Grounding Multimodal Large Language Models in Actions
Andrew Szot, Bogdan Mazoure, Harsh Agrawal, Devon Hjelm, Zsolt Kira, Alexander Toshev
TL;DR
This work tackles grounding Multimodal Large Language Models (MLLMs) into embodied action spaces using a unified Action Space Adapter (ASA) framework. It systematically compares seven ASAs across five embodied environments, revealing that learned tokenization (RVQ) best handles continuous actions while semantic-aligned language tokens (SemLang) excel for discrete actions. The study reports strong benchmarks, including $84\%$ on Meta-World, $72\%$ on CALVIN, and $51\%$ on LangR, demonstrating that exploiting the MLLM’s multimodal knowledge via appropriate tokenization or semantic grounding yields significant performance gains. The findings advance practical grounding of MLLMs for embodied tasks and highlight avenues for improving real-world deployment through broader MLLM baselines, more diverse training regimes, and safety considerations.
Abstract
Multimodal Large Language Models (MLLMs) have demonstrated a wide range of capabilities across many domains, including Embodied AI. In this work, we study how to best ground a MLLM into different embodiments and their associated action spaces, with the goal of leveraging the multimodal world knowledge of the MLLM. We first generalize a number of methods through a unified architecture and the lens of action space adaptors.
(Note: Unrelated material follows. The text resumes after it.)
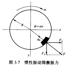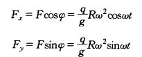 这个离心力F称为激振力,它的方向随偏心重块所在位置而改变,指向永远背离转动中心。 在任意瞬时t,F与x轴的夹角为ψ,且ψ=ωt,则F力在x和y轴方向的分力为

For continuous actions, we show that a learned tokenization allows for sufficient modeling precision, yielding the best performance on downstream tasks. For discrete actions, we demonstrate that semantically aligning these actions with the native output token space of the MLLM leads to the strongest performance. We arrive at these lessons via a thorough study of seven action space adapters on five different environments, encompassing over 114 embodied tasks.